May 23, 2011

Straight Talk About the Dollar

Strangely, it seems only when not in government any longer can one (in this case Christina Romer, the former chairwoman of the Council of Economic Advisers, now back to civilian life as an economics professor at UC Berkeley) talk honestly about the U.S. Dollar and stop parroting, automaton-like, the famous party line:
The United States is in favor of a strong dollar.
One can then say reasonable things like:
Strangely, every politician seems to understand that it would be desirable for the dollar to weaken against one particular currency: the Chinese renminbi. For years, China has deliberately accumulated United States Treasury bonds to keep the dollar’s value high in renminbi terms. The United States would export more and grow faster if China allowed the dollar’s price to fall. Congress routinely threatens retaliation if China doesn’t take steps that amount to weakening the dollar. 

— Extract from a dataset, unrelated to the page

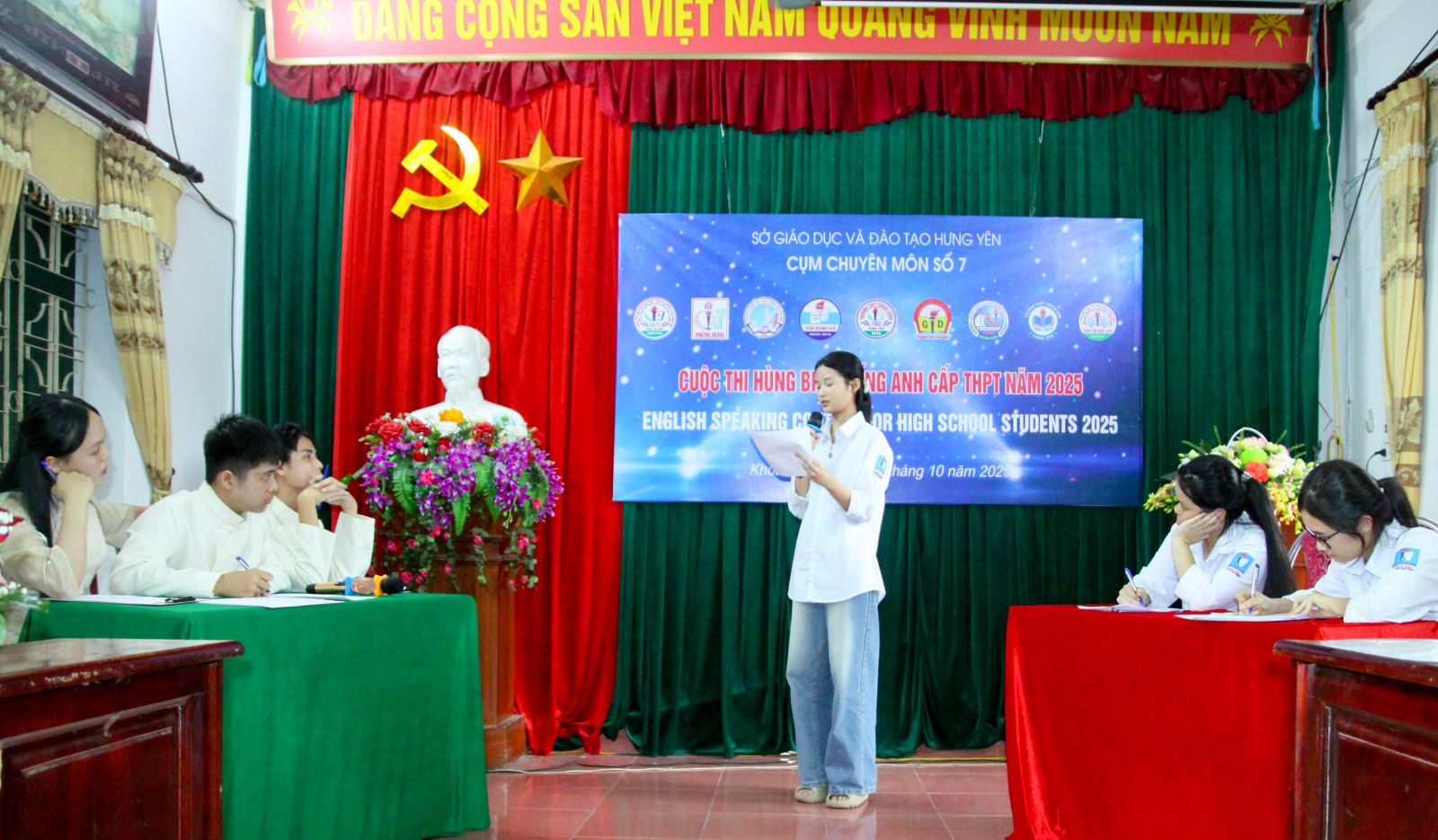 Ngày 14/10/2025, tại trường THPT Khoái Châu, các trường thuộc Cụm chuyên môn số 7 đã phối hợp tổ chức cuộc thi “Hùng biện Tiếng Anh cấp THPT” năm 2025. Đây là một sân chơi bổ ích, tạo điều kiện để học sinh rèn luyện khả năng ngôn ngữ, kỹ năng thuyết trình và tư duy phản biện, giúp học sinh có cơ hội phát triển toàn diện và khơi dậy niềm đam mê với tiếng Anh.

But in the very next breath, the same members of Congress shout about the importance of a strong dollar. If a decline in its value relative to the renminbi would be beneficial, a fall relative to the currency of many countries would help even more in the current situation. 
To say this openly risks being branded not just an extremist but possibly un-American. Perhaps it is time for a more adult conversation. The exchange rate is the purview of market economics, not of the Treasury or strong-dollar ideologues.